Solitary Confinement, Violence and Mental Illness: Stories from Rikers Island

Thursday, March 20, 2014

The worn bars of a jail cell. (TIMOTHY A. CLARY/AFP/Getty)

With more than 12,000 inmates, Rikers   Island   is one of the largest jail complexes in the country.  

As a jail (as opposed to a prison), most of the inmates held at Rikers have never been convicted of a crime. About 40 percent of the inmates held at Rikers have a diagnosed mental illness.

One of them was Jerome Murdough, a Marine veteran, who died last February. This week, the Associated Press revealed the cause of Murdough's death: The 56-year-old had been left in an overheated cell. With temperatures over 100 degrees, as one official put it, Murdough "basically baked to death." 

Daffodil Altan, a video producer and reporter for the Center for Investigative Reporting, has been examining the use of solitary confinement at Rikers.

She has closely followed the adolescents housed at the jail—approximately 600 to 800 inmates. Of the adolescents at Rikers, 100 are in solitary confinement at any given time. She explains why solitary confinement often exacerbates mental illness in these inmates, and discusses the problems many inmates face at Rikers Island. 

"There's no transition out of solitary—you're essentially released suddenly into the general population, and the incidences of violence have not gone down as a result of the use of solitary confinement," says Altan. "Temporarily, it's like a band aid and it puts the inmate out of sight and out of mind. But then what's happening is a detainee is seven times more likely to hurt himself or herself when they are in solitary confinement than when they are in the general population. The violence—even self-inflicted violence—increases when someone is in solitary confinement."

According to Atlan, the United Nations has called the practice cruel and inhumane, and classified solitary confinement as torture. Furthermore, she says that the U.N. has prohibited placing juveniles in solitary confinement as a matter of international law.

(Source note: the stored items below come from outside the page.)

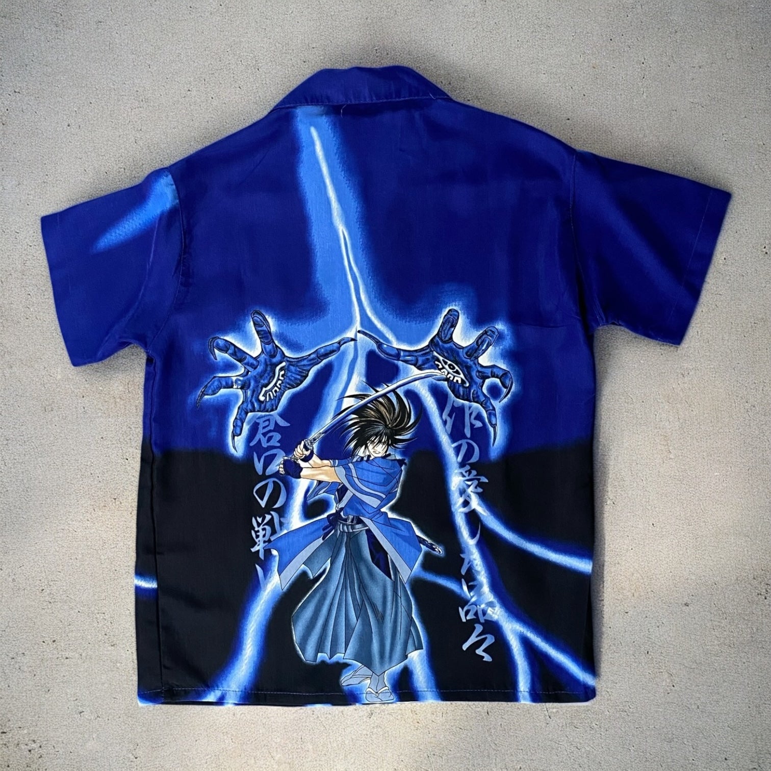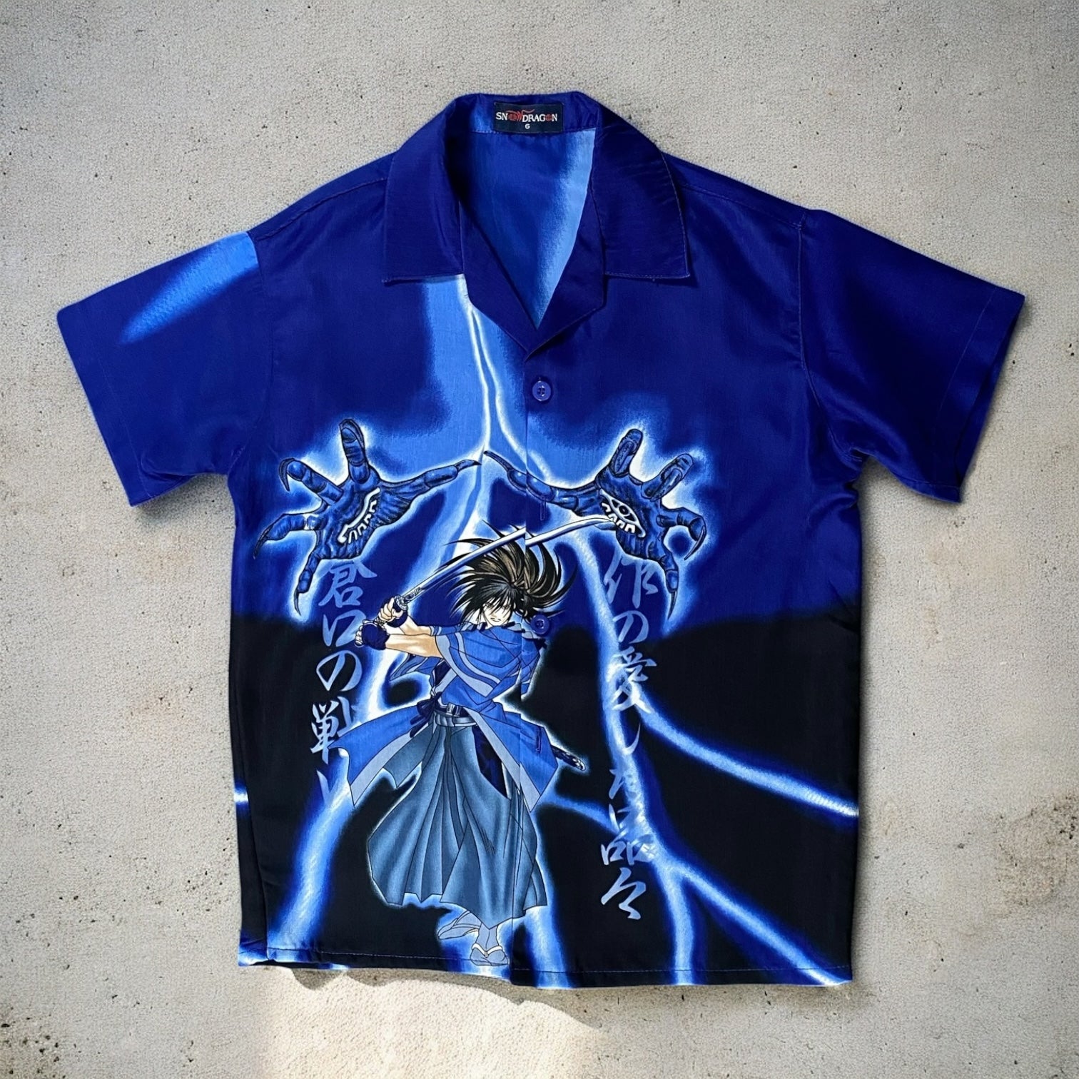Classic blue shirt featuring a bold Snow Dragon graphic, offering a relaxed fit and vintage streetwear style.
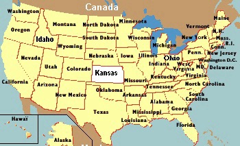 J’arrive au Kansas (pas la ville, l’état. Suivez bazwell !). Devise : Aux cieux à travers les difficultés. (Trop ésotérique pour moi).
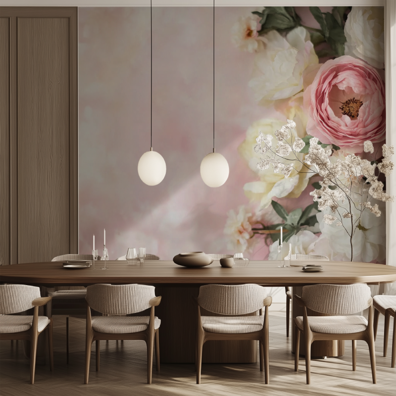 Le Papier Peint Vintage Fleuri présente un design captivant avec son motif floral délicat et son mélange harmonieux de couleurs pastel. Les fleurs aux teintes roses et blanches sont magnifiquement agencées, créant un effet visuel apaisant et romantique.
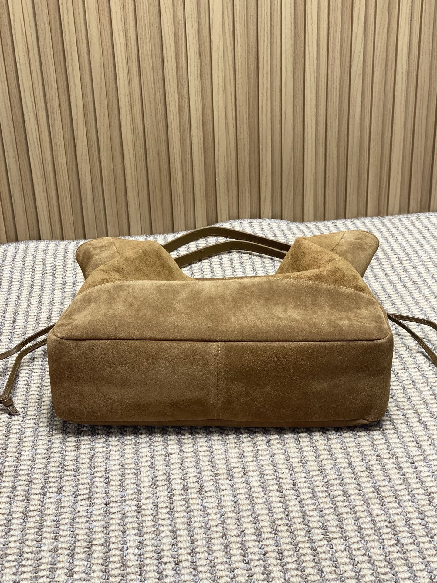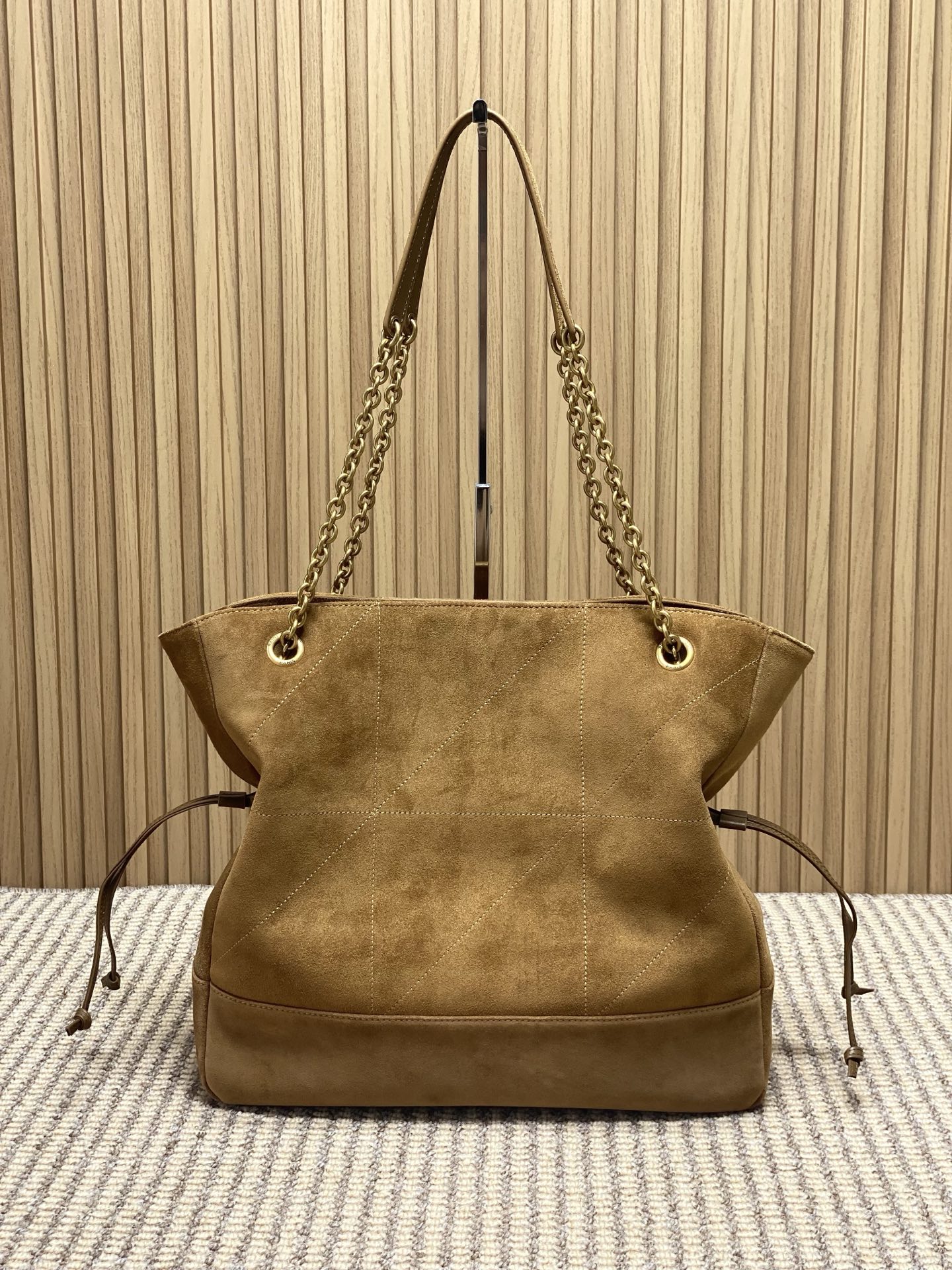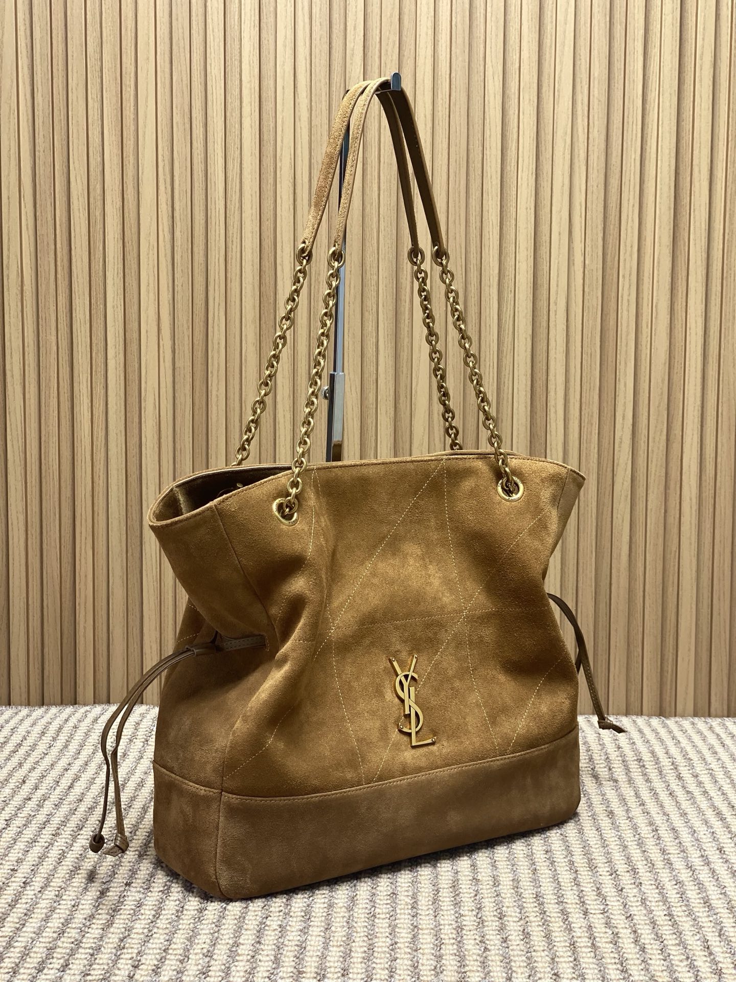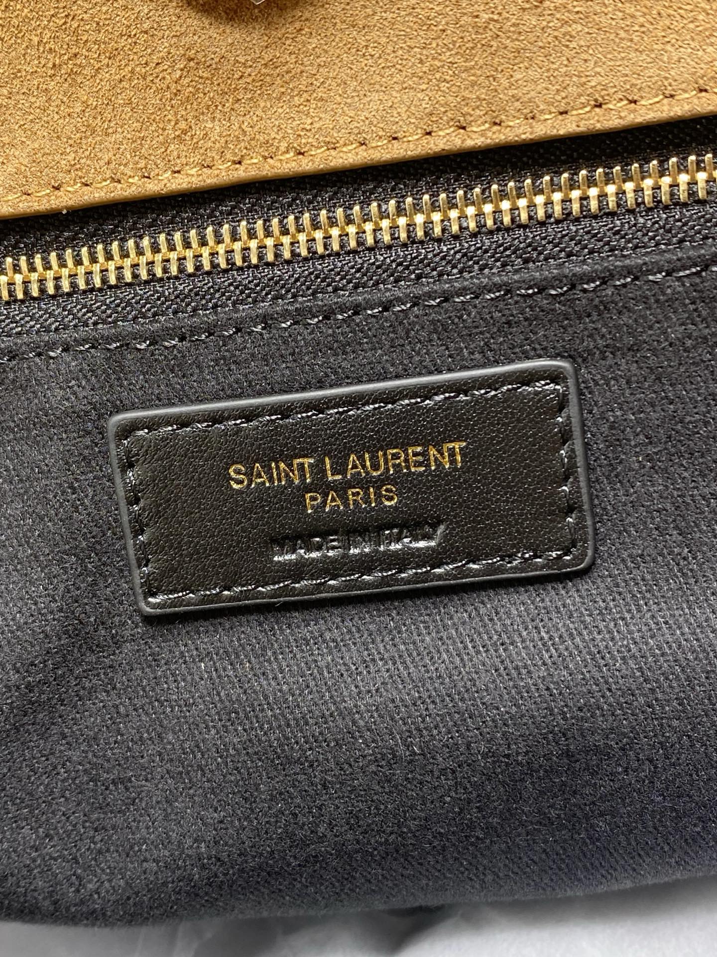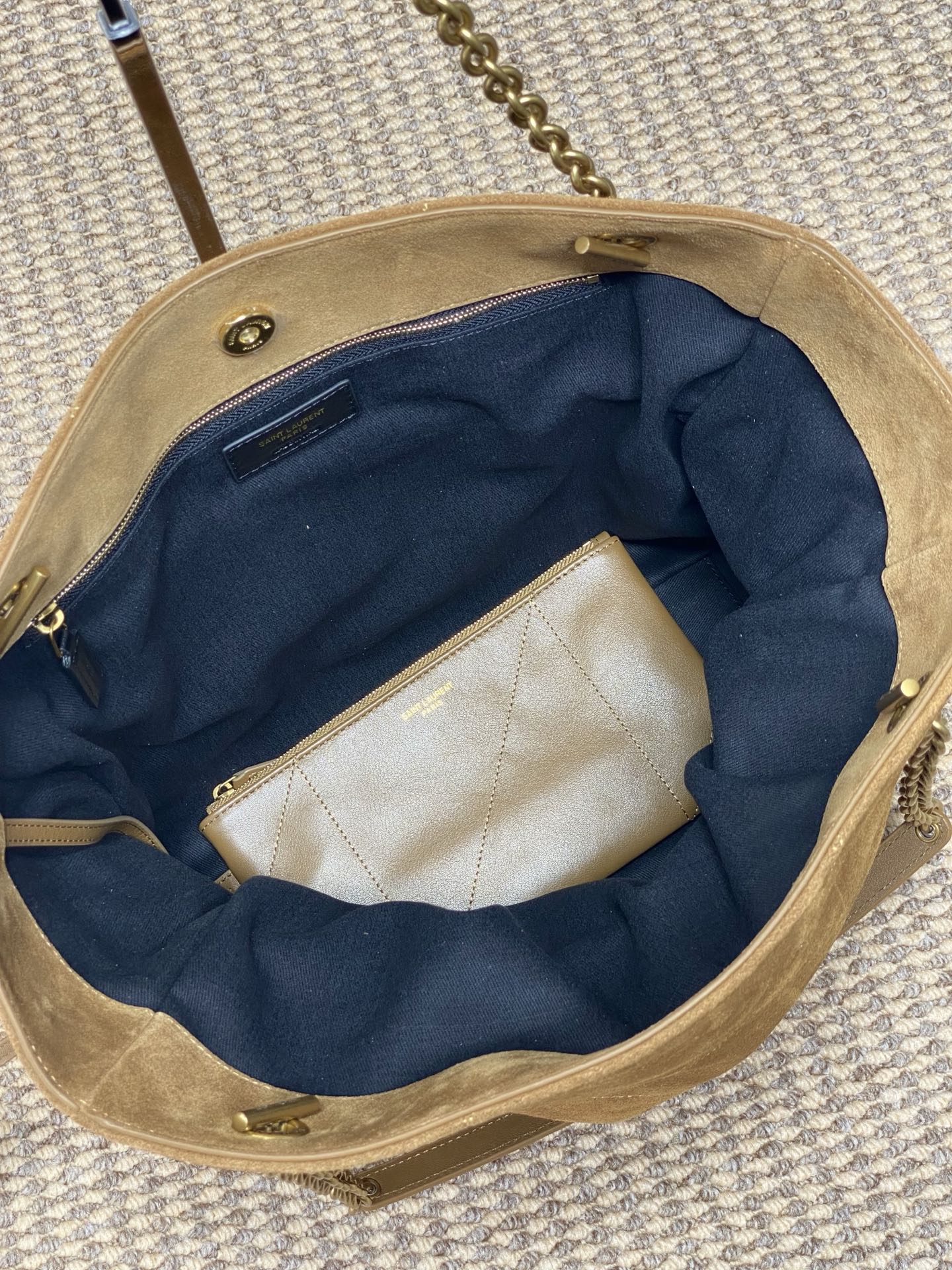 Carry your essentials in style with this Caramel Suede YSL Large Pochon Tote Bag. Perfect for both shoulder and crossbody wear, offering elegance and comfort.

"In our reporting we found out also that three quarters of the teenagers who are in solitary confinement at Rikers have diagnosed mental illnesses," she says. "We talked to [Rikers] and made many, many requests just to see and understand. They repeatedly refused to let us in, to engage in a conversation and at one point they told us that they were only an adult facility. Really, this begs the question: What is actually going on in there?"

Altan says that, according to the rules and regulations of Rikers, individuals can be sent to solitary confinement for seemingly small infractions—engaging in "horse play," being noisy, or even having art supplies in a cell.

"This is how teenagers behave," says Altan. "There is a problem situation inside, and they don't have the training necessary to handle a population in need of therapy, counseling and services that are not being provided."

Check out a video of Altan's reporting below.

 

What do you think of this report? Tell us in the comments.

Guests:

Daffodil Altan

Produced by:

Arwa Gunja and Jillian Weinberger

Editors:

T.J. Raphael

Comments [4]

Rhonda Colvin from Louisiana

This "solitary confinent" should absolutely be banned!!!
I have a good friend who did time in "Hunts" and he was
in S.C. for a whole year while he was locked up to stay out
of fights. To this day he is totally a socialpathic!! , it really
screwed him up!! He'll do some crazy stuff with absolutely
no concious whatsoever. These people orchestrating this
I hope and pray one day each and everyone of your children
experience this, so you can see how it feels to have a
monster living amongst good citizens going "about" with no
concious because the assholes "running" prisons allow this
this to happen with no "concious"

Oct. 30 2014 12:40 AM
brenda from california

Very good report and film.
I think what is happening in our jails and prisons is torture. We are social animals. It is cruel and inhumane to keep people in solitary--especially kids. Anyone in that situation will start to disintegrate. And we cannot keep everyone locked up forever. I don't want my kids sitting next to someone on a bus who was just released from that kind of torture.

Jul. 30 2014 06:34 PM
Larry Fisher from Hollywood, Cali


Are we just hiring Prison Guards and Prison Administrators who would otherwise need to be incarcerated themselves if it weren't for their jobs which brings them into the facility in a kind of self incarceration.

If abusing inmates worked to reform criminals and clockwork oranged them, I could almost understand the ideology.

Where in the world are there Prisons where real reform is happening? I am asking sincerely

Mar. 20 2014 02:44 PM
laura from Long Island

not only are adolescents at risk here, but the entire inmate population in these "jails/prisons" are as well. I was incarcerated at the Rose M. Singer building on Rikers Island a few years back (no i am not an angel) and having just been there on another charge (about 3 weeks in between)I had refused the gynecological exam during the admission process. i was told that it was "mandatory" and that i would be placed in the "bing" if i refused. And i did refuse. i was left in solitary until my release date 2 1/2 weeks later. abuse of power?? i think yes.